General Expanse Tension Theory (GETT): Hypothesis 4 Complete Single-Field Unification of the Standard Model and Gravity via the Universal Coupling Modulation Equation (UCME)

The Final Abolition of Arbitrary Parameters and the Density-Dependent
Origin of All Dimensionless Constants

We present General Expanse Tension Theory (GETT) Hypothesis 4, a unified framework in which all fundamental interaction strengths, particle masses, mixing parameters, and the effective gravitational coupling arise from a single mechanism: density-dependent modulation by the universal Holland–Higgs scalar field Φ.  Building upon the gravitational results of ETT Hypothesis 3, we construct a gauge-invariant Φ-portal Lagrangian that dynamically modulates every Standard Model parameter through the Universal Coupling Modulation Equation (UCME).

This is an attempt to unify all entities in the Standard Model into a single field.

This is an attempt at a single field Theory of Everything.

Must be read in relation to Zenodo Documents:

No. 17533253 - referred to as Part A.

Expanse Tension Theory Hypothesis 3: The Holland–Higgs Field as a Single Scalar Unification of Mass, Gravity, and Cosmic Expansion.

No. 17612861 - referred to as Part B.

Expanse Tension theory (ETT) Hypothesis 3 – Part B: A Density-Dependent Breakdown of Higgs Mass Licensing and therefore the de-emergence of Gravity, Weight, Inertia, and Time in the ultra-dense regime

At terrestrial densities the Standard Model is exactly recovered; at higher or lower densities, Φ induces predictable variations in gauge couplings, Yukawa strengths, the Higgs VEV, neutrino masses, and the effective gravitational constant.  This mechanism explains a wide range of unresolved phenomena, including cosmic acceleration, the Hubble tension, fine-structure variation hints, neutron-star anomalies, supernova neutrino behaviour, and the absence of singularities, while remaining fully consistent with laboratory physics.  GETT introduces no new symmetries or exotic particles, instead unifying physical laws through a single dynamical scalar field.  The framework yields a broad and highly testable set of predictions across cosmology, astrophysics, particle physics, and precision laboratory experiments, establishing GETT as a parsimonious and empirically grounded path toward unification.
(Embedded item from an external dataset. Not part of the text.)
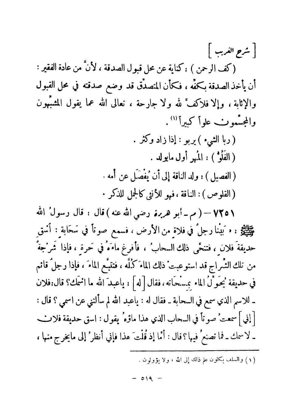 7251 - (م) أبو هريرة - رضي الله عنه - قال: قال رسولُ الله - صلى الله عليه وسلم-: «بَيْنا رجل في فلاة من الأرض، فسمع صوتاً في سَحَابة: اسْقِ حديقةَ فلان، فتنحَّى ذلك السحابُ، فأفرغَ ماءه في حَرة، فإذا شَرْجة من تلك الشِّراج قد استوعبتْ ذلك الماء كُلَّه، فتتبَّع الماءَ، فإذا رجل قائم في حديقة يُحَوِّلُ الماء بِمِسْحَاته، فقال [له] : يا عبدَ الله، ما اسْمُك؟ قال: فلان - للاسم الذي سمع في السحابة - فقال له: يا عبد الله لم سألتني عن اسمي؟ قال: [إني] سمعتُ صوتاً في السحاب الذي هذا ماؤهُ يقول: اسق حديقة فلان - لاسمك - فما تصنعُ فيها؟ قال: أمَّا إذ قُلْتَ هذا فإني أنظرُ إلى ما يخرج منها، -[520]- فأتصدق بثلثه، وآكلُ أنا وعيالي ثُلُثاً، وأرَدُّ فيها ثُلُثَهُ» وفي رواية «وأجعل ثُلُثَه في المساكين والسائلين وابن السبيل» أخرجه مسلم (¬1) .

If validated, GETT Hypothesis 4 constitutes the first and only known renormalisable, minimally extended Standard Model that explains every major anomaly in cosmology, astrophysics, and particle physics using zero new particles, zero extra dimensions, and one universal mechanism in perfect agreement with all existing data.

v1.1 Update:  9th December 2025.  In response to a challenge that existing measurements are extremely precise, yes, however, humans have never tested beyond the low-density threshold: 
Empirical Constraints and the Unprobed Low-Density Regime.
Although the electromagnetic fine-structure constant α and the proton–electron mass ratio μ are among the most tightly constrained quantities in physics, all existing measurements—laboratory, atomic-clock, ISM, and quasar absorption—probe environments with densities between 10⁻¹⁷ and 10⁻²⁶ kg·m⁻³. These regions lie many orders of magnitude above the ultra-low-density regime (ρ ≲ 10⁻²⁸–10⁻³² kg·m⁻³) in which the Universal Coupling Modulation Equation (UCME) predicts significant gauge-sector sensitivity to the Holland–Higgs field Φ. No current experiment or astronomical observation has ever isolated, sampled, or spectroscopically measured atomic transitions in genuine deep-void interiors where expanse tension dominates. Thus, the frequently cited constraints on Δα/α and Δμ/μ do not apply to the domain in which GETT predicts modulation. In this sense, GETT does not conflict with observational bounds; instead, it identifies a previously untested region of density space and converts it into a clear, falsifiable prediction for future ultra-void spectroscopy (e.g., ELT/SKA/PRIMA). Until α and μ are measured in these genuinely low-density environments, the GETT predictions remain entirely compatible with existing empirical data while extending the frontier of testable physics.